A total of 2,338 stool specimens were provided, processed, and linked to survey data from 2,657 randomly selected children (88% response). The zonal-level prevalence of Ascaris lumbricoides, hookworm, and Trichuris trichiura was 9.9% (95% confidence interval (CI) 7.2–12.7%), 9.7% (5.9–13.4%), and 2.6% (1.6–3.7%), respectively. The prevalence of S. mansoni was 2.9% (95% CI 0.2–5.5%) but infection was highly focal (range by community from 0–52.4%). The prevalence of any of these helminth infections was 24.2% (95% CI 17.6–30.9%) compared to 48.5% as found in a previous study in 1995 using the Kato-Katz technique. The pathogenic intestinal protozoa Giardia intestinalis and Entamoeba histolytica/E. dispar were found in 23.0% (95% CI 20.3–25.6%) and 11.1% (95% CI 8.9–13.2%) of the surveyed children, respectively. We found statistically significant increases in household latrine ownership, use of an improved water source, access to water, and face washing behavior over the past 7 years.
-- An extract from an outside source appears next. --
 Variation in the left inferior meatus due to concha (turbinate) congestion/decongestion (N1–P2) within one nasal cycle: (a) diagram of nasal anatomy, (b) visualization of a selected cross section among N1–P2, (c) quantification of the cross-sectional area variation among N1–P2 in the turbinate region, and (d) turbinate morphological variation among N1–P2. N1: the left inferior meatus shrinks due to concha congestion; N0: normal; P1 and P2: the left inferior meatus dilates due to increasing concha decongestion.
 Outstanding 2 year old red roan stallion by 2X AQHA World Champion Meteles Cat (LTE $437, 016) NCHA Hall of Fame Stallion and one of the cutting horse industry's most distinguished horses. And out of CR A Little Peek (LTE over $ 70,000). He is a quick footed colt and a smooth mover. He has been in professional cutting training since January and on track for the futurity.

Improvements in hygiene and sanitation promoted both by the SAFE strategy for trachoma and health extension program combined with preventive chemotherapy during enhanced outreach services are plausible explanations for the changing patterns of intestinal parasite prevalence. The extent of intestinal protozoa infections suggests poor water quality or unsanitary water collection and storage practices and warrants targeted intervention.
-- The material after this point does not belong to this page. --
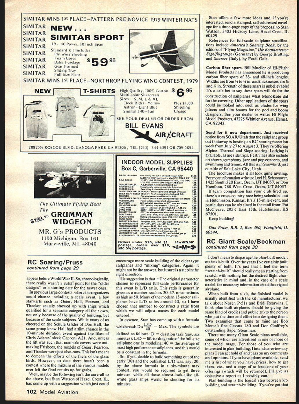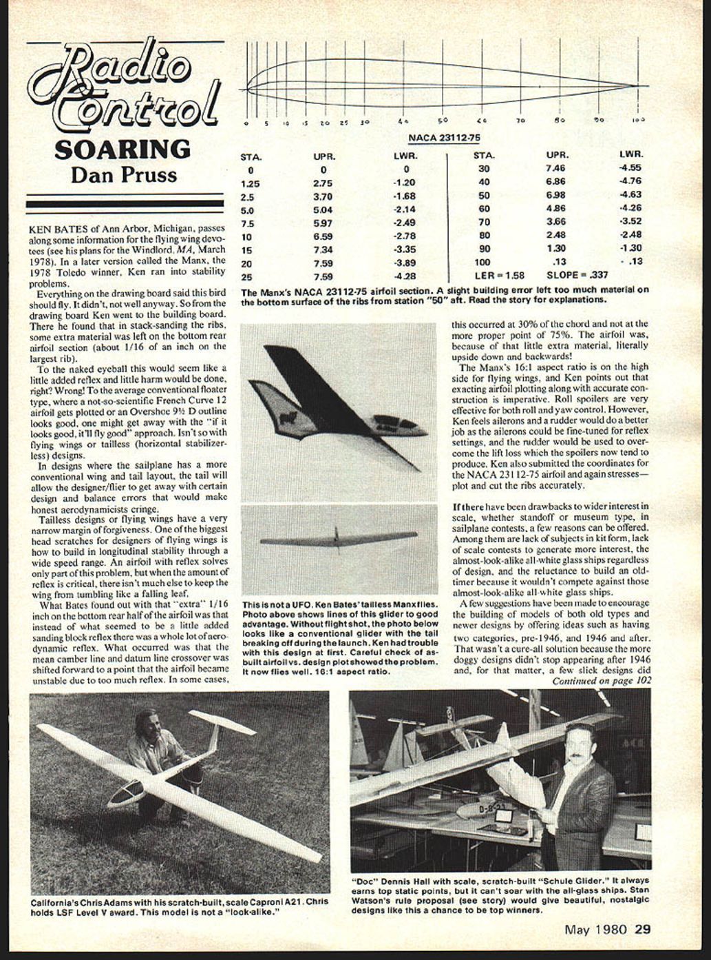 SOARING Dan Pruss KEN BATES Ann Arbor Michigan passes along some information flying wing devo tees see plans Windlord MA March 1978 later version called Manx 1978 Toledo winner Ken ran stability problems Everything drawing board said bird should fly didnt well anyway So drawing board Ken went building board found stack-sanding ribs some extra material left bottom rear airfoil section about 1/16 inch largest rib naked eyeball would seem like little added reflex little harm would done right Wrong average conventional floater type not-so-scientific French Curve 12 airfoil gets plotted Overshoe 9 D outline looks good might get away looks good itll fly good approach Isnt flying wings tailless horizontal stabilizerless designs designs sailplane has conventional wing tail layout tail will allow designer/flier get away certain design balance errors would make honest aerodynamicists cringe Tailless designs flying wings have very narrow margin forgiveness biggest head scratches designers flying wings build longitudinal stability through wide speed range An airfoil reflex solves part problem amount reflex critical isnt much else keep wing tumbling like falling leaf What Bates found out extra 1/16 inch bottom rear half airfoil instead what seemed little added sanding block reflex whole lot aero dynamic reflex What occurred mean camber line datum line crossover shifted forward point airfoil became unstable due too much reflex some cases STA 0 125 25 50 75 10 15 20 25 5S202510 UPR 0 275 370 504 5-97 659 734 759 759 450070do0oO NACA 23112-75 LWR 0 -120 -168 -214 -249 -278 -335 -389 -428 STA 30 40 50 60 70 80 90 100 LER UPR 7 A6 686 698 496 366 2 A8 120 13 SLOPE 337 LWR -455 -476 -463 -426 -352 -2 A8 -130 - 13 Manxs NACA 23112-75 airfoil section slight building error left too much material bottom surface ribs station 50 aft Read story explanations occurred 30% chord proper point 75% airfoil because little extra material literally upside down backwards Manxs 161 aspect ratio high side flying wings Ken points out exacting airfoil plotting along accurate con struction imperative Roll spoilers very effective both roll yaw control However Ken feels ailerons rudder would better job ailerons could fine-tuned reflex settings rudder would used over come lift loss spoilers now tend produce Ken also submitted coordinates NACA 23112-75 airfoil again stresses plot cut ribs accurately have drawbacks wider interest scale whether standoff museum type sailplane contests few reasons can offered Among lack subjects kit form lack scale contests generate interest almost-look-alike all-white glass ships regardless design reluctance build oldtimer because wouldnt compete against almost-look-alike all-white glass ships few suggestions have made encourage building models both old types newer designs offering ideas such having two categories pre-1946 1946 after wasnt cure-all solution because doggy designs didnt stop appearing after 1946 matter few slick designs did Continued May 1980 29 UFO Ken Batestailless Manxflies Photo above shows lines glider good advantage Without flight shot photo below looks like conventional glider tail breaking off duringthe launch Ken hadtrouble design first Careful check builtairfoilvs design plotshowedtheproblem now flies well 161 aspect ratio Californias Chris Adamswith scratch-built scale Caproni A21 Lnrls holds LSF Level V award model look-alike Doc Dennis Hall scale scratch-built Schule Glider always earns top static points cant soar all-glass ships Stan Watsons rule proposal see story would give beautiful nostalgic designs like chance top winners SIMITAR WINS 1St PLACEPATTERN PRE-NOVICE 1979 WINTER NATS SIMITAR NEW. SI MI TAR SIMITAR SIMITAR SPORT SIMITAR 19 40 Power 50 Inch Span SIMITAR Standard Kit includes Ply Wing Sheeting SIMITARBdlsdFuseiage$5995 SIMITARGear Formed Sliding Tray SIMIlARFull Site Plans SIMITAR WINS 1St PLACENORTHROP FLYING WING CONTEST 1979 NEWT-SHIRTS High Quality 1000 n $ ulti-color Silkscreen U Sites SML&XL Eleck Rider Yellow Plus $100 Asiron Light Blue Shipping Simitar 540--Tan Charge SEE YOUR DEALER OR ORDER FROM BILL EVANS ~AIR/CRAFT 20825 ROSCOF BLVD CANOGA PARK CA 91306 TEL 213 344-6391 OR 709-0894 GRUMMAN WIDGEON MR Gs PRODUCTS 1100 Michigan Box 161 Mai-ysville Nil 4804 RC Soaring/Pruss continued page 29 appear before World War II So chronologically really wasnt cutoff point older designs starting date newer ones previous large Contests organizers could chance including scale event few stalwarts such Geier Hall Pearson Thacker usually showed up ships qualified separate category own because quality building because scale subjects us cheered Schule Glider Doc Hall same group knew Hall slim chance 10-minute duration event against likes Chris Adams sleek Caproni A21 unless lift such manhole covers out maxing Frisbees models Geier Pearson Thacker just also-rans isnt meant demean efforts fliers glass birds However date hasnt contest mixture various models ever left final results up grabs Well maybe following isnt cure-all above Stan Watson Hazel Crest IL has come up suggestion just could INDOOR MODEL SUPPLIES Box C Garberville CA 95440 PIRELLI RUBBER9e leteyIIhscI siase between 0206176 & ORb OUS in,insnne 3/32 7/64 & 116196 FAI BALSA1/lOK 1/64 10/IUU0thoagh25/1600 1/32 3/64126 1/163/32 esReed 9150 long 24 A&B gsi175 QUALITY BALSAAB&C gein sizes tepssd soar65 MICROFILM BEeoepIoeIly seehie etong light & itpoed296 MICROFILM AEsen Iiltng& blendable will Bee dse,ad295 QUICK STICK BALSA CEMENT Will flotbowl,beslhroughehinkege125 STICK TIUKT BALSA CEMENT N, eSinkage & blanagAle will US125 THINNERFe wend tenlenle MiteIiln A&R100 CONSENSKR PAPER CEMENT Sly 4 nin-eIetgIhens wond w/t ehinl125 RUBRER LUBEFleeS inAne tonIcs blend wins no weUr1SU ULUE SUNWilbeelee lee saeeenine en MT sear end booms375 NICOROME WIRE001 Riwgn wing haee 50 015025150 SYNS WIRE0007 1/3 weight OUONitlr US 175 25125 SONS WIRE0005 00%wnet557elabgs&eetwtda0h125 TUNGSTEN WIRE501 Ne elenaednn met, e,hs heing 2

Part of the SAFE strategy (surgery, antibiotics, facial cleanliness, and environmental improvement) to eliminate blinding trachoma involves improving access to, and use of, water and sanitation. We combined the assessment of parasitic worm and intestinal protozoa infections with surveys of trachoma in an area of Ethiopia where the SAFE strategy, together with enhanced outreach services and the health extension program, had been implemented for more than 5 years. We compared our findings with results from a survey conducted in the mid-1990s. We documented significant increases in household access and use of latrines and clean water: the F and E components of the SAFE strategy as promoted by the health extension program. We found considerably lower levels of parasitic worm infections than those reported previously. Moreover, we documented, for the first time in this zone, pathogenic intestinal protozoa infections, which indicate poor water quality and unhygienic water collection and storage practices in the communities surveyed. A plausible hypothesis for the decline in parasitic worm infections might be the combined impact of ongoing simultaneous health programs: SAFE strategy for trachoma control alongside the health extension program and regular deworming of preschool-aged children.